◆ **WHAT THIS TASK INVOLVES**: Return only the lines of the data below from the line with "Unleash your inner" up to and including the line with "아직, 문자입력창에 붙여넣기 된 상태가 아닙니다.", exactly as written, with the pictures omitted.

◆ **DATASET RECORDS**:
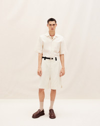 Été Buckled shorts - Oversized cut - Mid-rise - Cotton wool blend - Hidden zip closure with concealed clip - Visible drawstring at waist - Belt loops - Side pockets - Back patch pocket The model is 185 cm and wears a size 48 53% Viscose - 45% Virgin wool - 2% Elastane Made in Bulgaria Ref.235PA032-1030-150
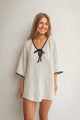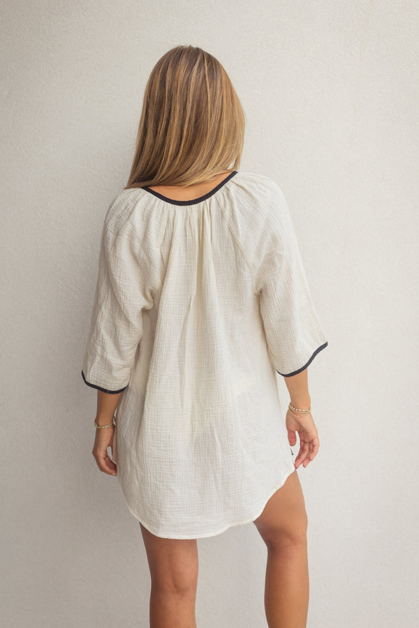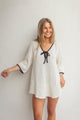 Unleash your inner boho goddess with our Contrast Binding Cover Up Dress in Cream! Crafted by our label, Ophelia Love, this tunic exudes a playful vibe with its contrast binding and quirky tie around the neckline. Perfect as a coverup or paired with mini shorts for a trendy tunic look. Effortlessly chic (and versatile)!
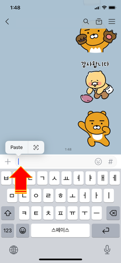아직, 문자입력창에 붙여넣기 된 상태가 아닙니다.
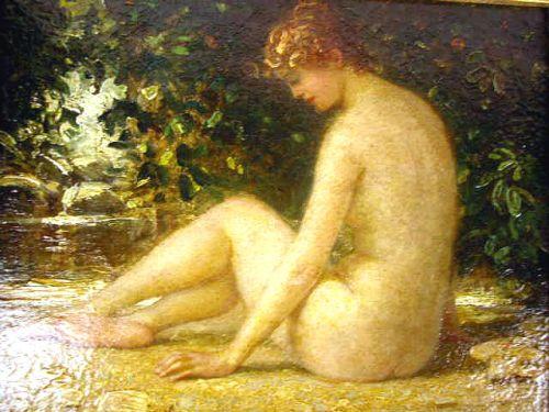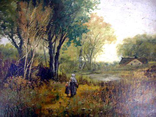 TWO OILS ON CANVAS;One depicting a wooded landscape with figures on a path and a thatched home in the distance, 8 1/2" x 11 1/2", the second a nude seated on the ground next to a pond, 8" x 9 1/2"
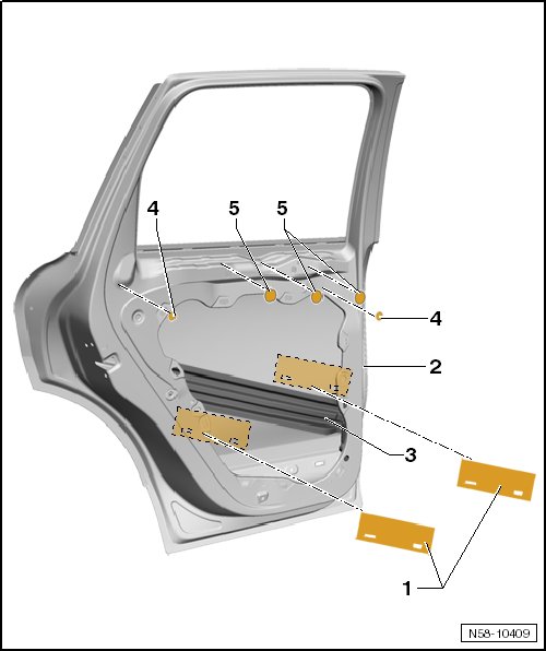 - Heat using a hot air gun (V.A.G 1416) and press onto the outer door panel.
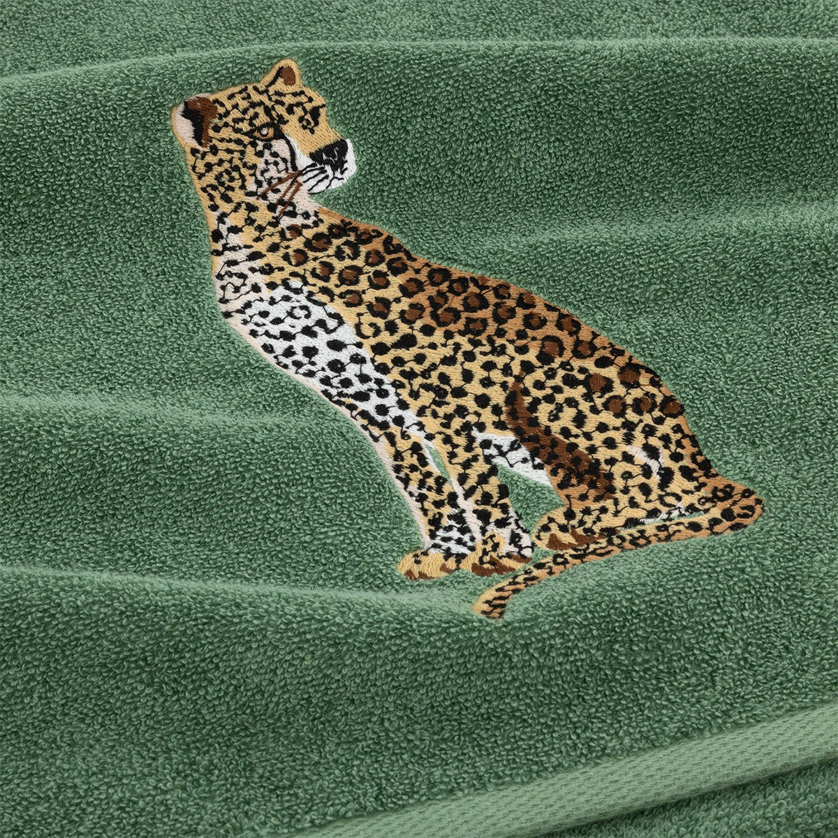 Yves Delorme's Contes Bath Collection Contes bath collection invites you to escape, through the understated elegance of their embroidered animal motifs—like dreamlike silhouettes emerging from an imaginary garden. Solid terry towels with leopard embroidery. Different embroidery on each towel. 83% organic cotton, 17% modal, 450 gsm. Made in Turkey.
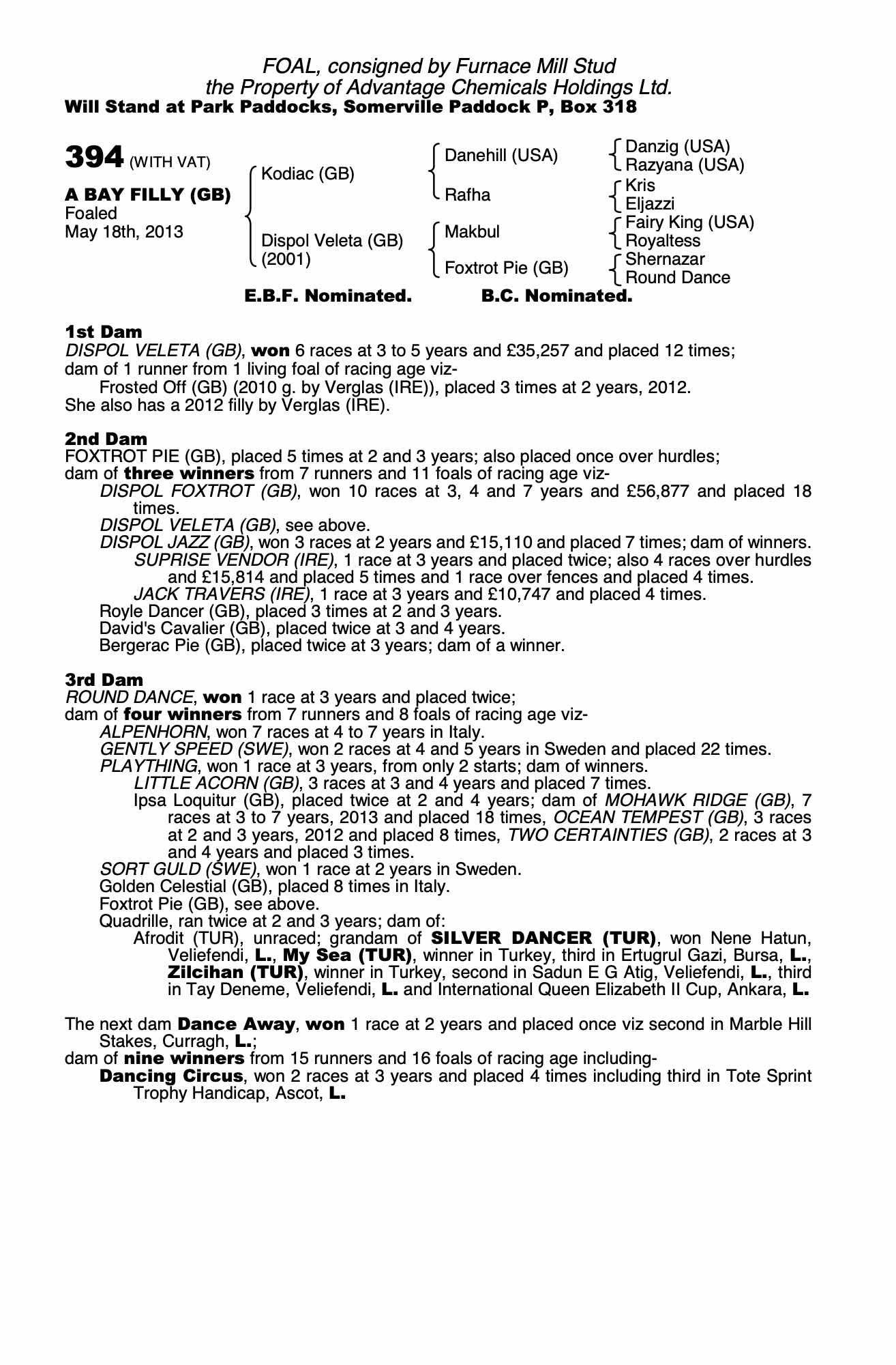 October Yearling Sale, Book 3 2013 lot 1704 F. by Verglas (IRE) 2012, Furnace Mill Stud=>Vendor 8,000 gns

◆ **RESULT OF THIS EXERCISE**:
 Unleash your inner boho goddess with our Contrast Binding Cover Up Dress in Cream! Crafted by our label, Ophelia Love, this tunic exudes a playful vibe with its contrast binding and quirky tie around the neckline. Perfect as a coverup or paired with mini shorts for a trendy tunic look. Effortlessly chic (and versatile)!
아직, 문자입력창에 붙여넣기 된 상태가 아닙니다.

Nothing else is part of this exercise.